Attorneys representing former Delaware Municipal Court Judge Michael C. Hoague filed a motion for acquittal Friday, arguing that the State of Ohio did not have enough evidence to prove Hoague was guilty of theft and tampering with evidence.
Hoague’s trial began on Nov. 11 and the jury returned a guilty verdict on one count of tampering with evidence, a third-degree felony, and one count of theft, a fifth-degree felony.
The charges stem from a 2012 case in which Hoague was hired by a family to defend their son who was charged with gross sexual imposition and rape in Delaware County Common Pleas Court. Hoague was later appointed to the case as a public defender and at the conclusion of the case Hoague filed paperwork asking to be paid as a public defender for his work on the case. Prosecutors said Hoague was paid for his work on the case both by the family and by the State of Ohio, which they argued was tampering with evidence and theft by deception.

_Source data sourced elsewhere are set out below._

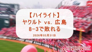 カープ動画ハイライト 【カープハイライト動画】ヤクルト戦 8-3で敗れる(2026年03月31日)
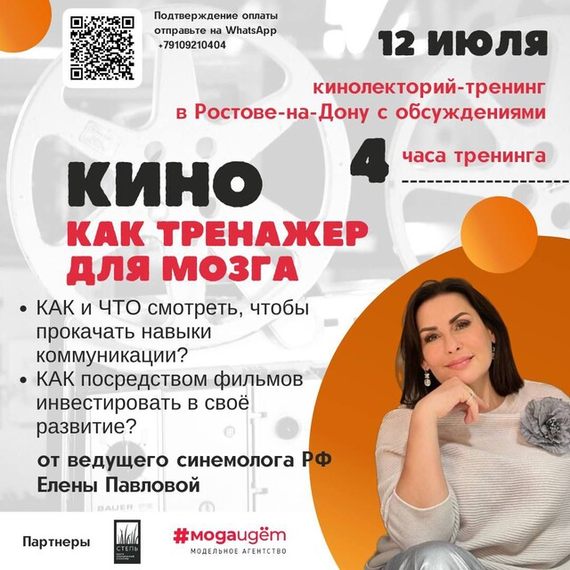 Регистрация на закрытый кинолекторий-тренинг после оплаты по QR коду на афише. Подтверждение оплаты отправьте на WhatsApp : +79109210404
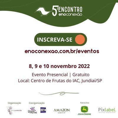 A entrada e participação para o 5º Encontro Enoconexão é gratuita, e a programação técnica acontecerá no Centro de Frutas do IAC, localizado em Jundiaí, nos dias 08, 09 e 10 de novembro, das 14h às 21h. Para efetivar a inscrição acesse o link:? https://www.enoconexao.com.br/eventos/
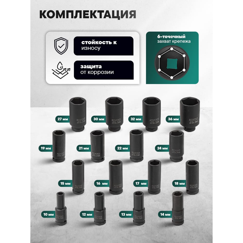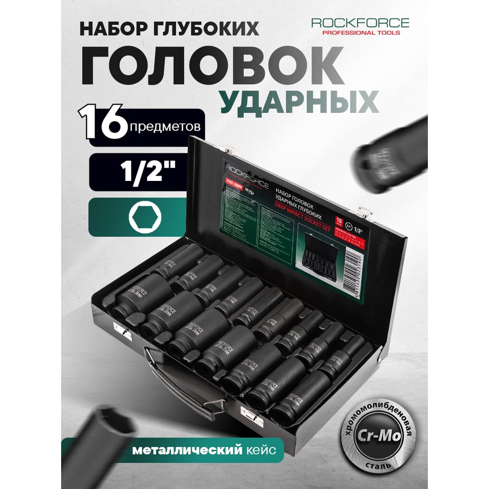 Набор головок ударных глубоких, 16 предметов Rockforce RF-4167-5MPB(28576)

In their motion for acquittal, Hoague’s attorneys, Ian N. Friedman and Mark R. Devan, argue that the state failed to offer evidence of deception and argued that the state failed to unequivocally prove that Hoague intended to defraud anyone, which is an essential element of the tampering with records charge.
“… because the state chose to prosecute on a theory of deception, [without] testimony by the judge who approved payments of the fees that he was deceived, a judgment of acquittal must be entered [for the theft count,]” Friedman wrote in the motion. “It is clear from the evidence adduced at trial that, at best, the state offered equivocal proof of the defendant’s purpose to defraud. Equivocal proof is insufficient to convict …”
The state had not responded to the motion as of Friday afternoon.
A sentencing hearing for Hoague has been scheduled for Dec. 20 at 11 a.m.
Hoague was originally charged with another tampering with evidence charge and another theft charge, but those charges were dismissed during the trial.
The tampering with evidence charge is a third-degree felony and carries a penalty of 9 to 36 months in prison or a fine not to exceed $10,000, according to the Ohio Revised Code. The theft charge is a fifth-degree felony and carries a penalty of 6 to 12 months in prison or a fine not to exceed $2,500, according to the ORC.